Example of running the Gromacs software as a Multithreaded Job
#!/bin/bash
#SBATCH --job-name=multithread # create a short name for your job
#SBATCH --nodes=1 # node count
#SBATCH --ntasks=1 # total number of tasks across all nodes
#SBATCH --cpus-per-task=8 # cpu-cores per task (>1 if multi-threaded tasks)
#SBATCH --time=00:15:00 # maximum time needed (HH:MM:SS)
module load gromacs_gpu
gmx mdrun -ntomp $SLURM_CPUS_PER_TASK -v -noconfout -nsteps 5000 -s 1536/topol.tpr
To Run
sbatch gromac-water.gpu
You should define the --cpus-per-task= parameter and specify the CPU cores in the command using the variable $SLURM_CPUS_PER_TASK instead of hardcoding a number. Defining it this way allows Slurm to know exactly how many CPU cores your job is using, ensuring correct allocation. This prevents issues where a job attempts to run with more CPU cores than allocated, which would negatively impact system performance.
Conventionally, running MPI involves executing the command below, which specifies the number of tasks using the option `option -np [followed by the desired number of tasks]

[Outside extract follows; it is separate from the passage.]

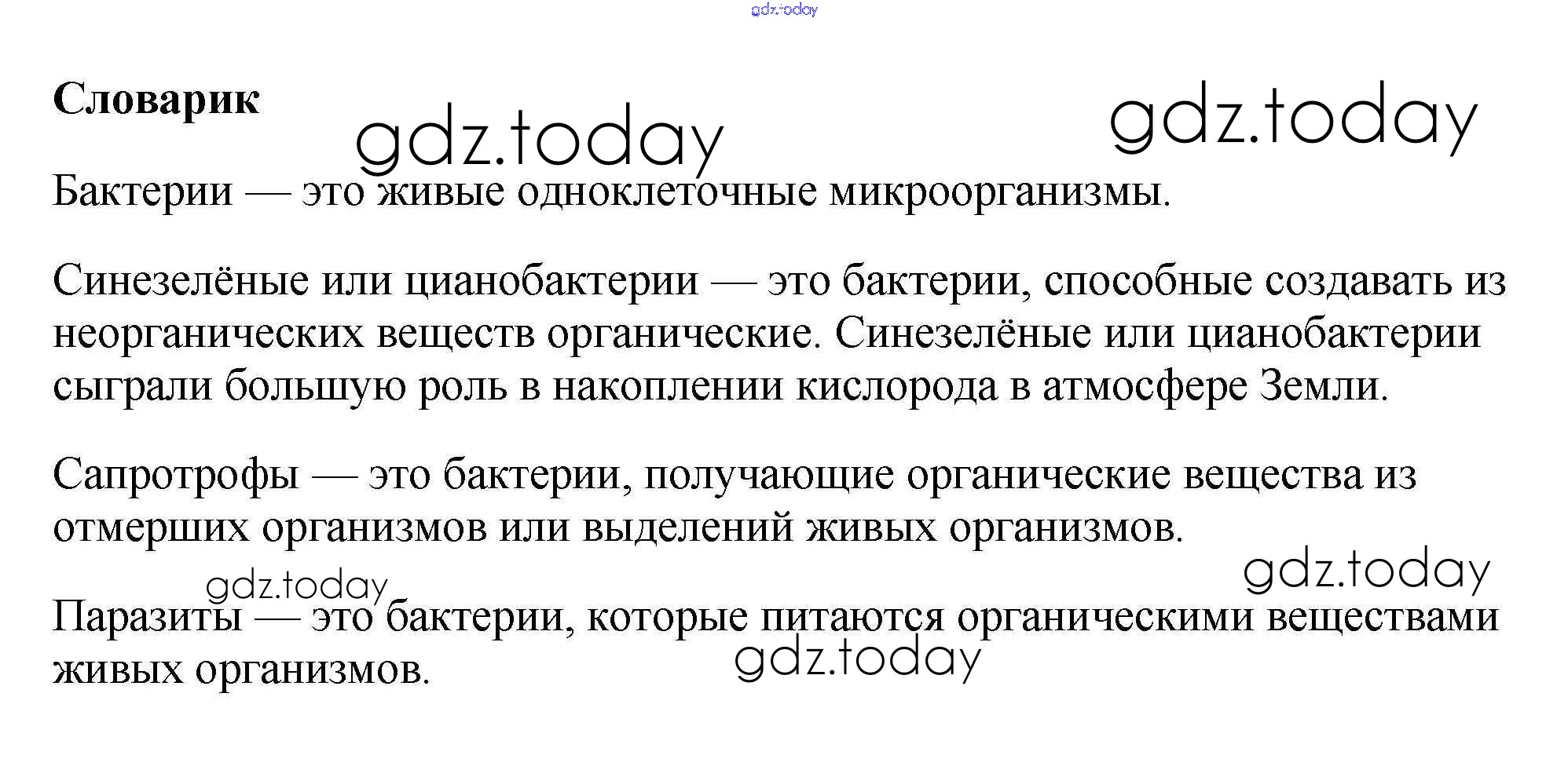 На страницах сайта gdz.today вы найдете учебный и вспомогательный материал, направленный на улучшения знаний школьной программы. ГДЗ - онлайн мир знаний Словарик Решение к §11 1 Учебнику по Биологии для 5 класса Пасечник Дрофа УМК 2016

mpirun -np 192 -hostfile hosts ./myprog.o
When submitting via Slurm, define the parameter --ntasks=[desired number of tasks] and use the prun command instead of the conventional command.
#!/bin/bash
#SBATCH --job-name=mpi-job # create a short name for your job
#SBATCH -p cpu # pritition name
#SBATCH --ntasks=192 # number of tasks per node
#SBATCH --cpus-per-task=1 # cpu-cores per task (>1 if multi-threaded tasks)
#SBATCH --time=00:20:00 # total run time limit (HH:MM:SS)
module purge
module load intel
prun myprog.o
To Run
sbatch mpi.job
For jobs utilizing a GPU, specify the parameter --gpus=1 The example specifies the use of 1 GPU card.
wget https://gist.githubusercontent.com/leimao/bea971e07c98ce669940111b48a4cd7b/raw/f55b4dbf6c51df6b3604f2b598643f9672251f7b/mm_optimization.cu
module load nvhpc
nvcc mm_optimization.cu -o mm_optimization
vi gpu_job.sh
#!/bin/bash
#SBATCH --partition=gpu
#SBATCH --job-name=mnist # create a short name for your job
#SBATCH --cpus-per-task=4 # cpu-cores per task (>1 if multi-threaded tasks)
#SBATCH --gpus=1 # total number of GPUs
#SBATCH --time=01:00:00 # total run time limit (HH:MM:SS)
#CUDA matrix multiplication
./mm_optimization
sbatch gpu_job.sh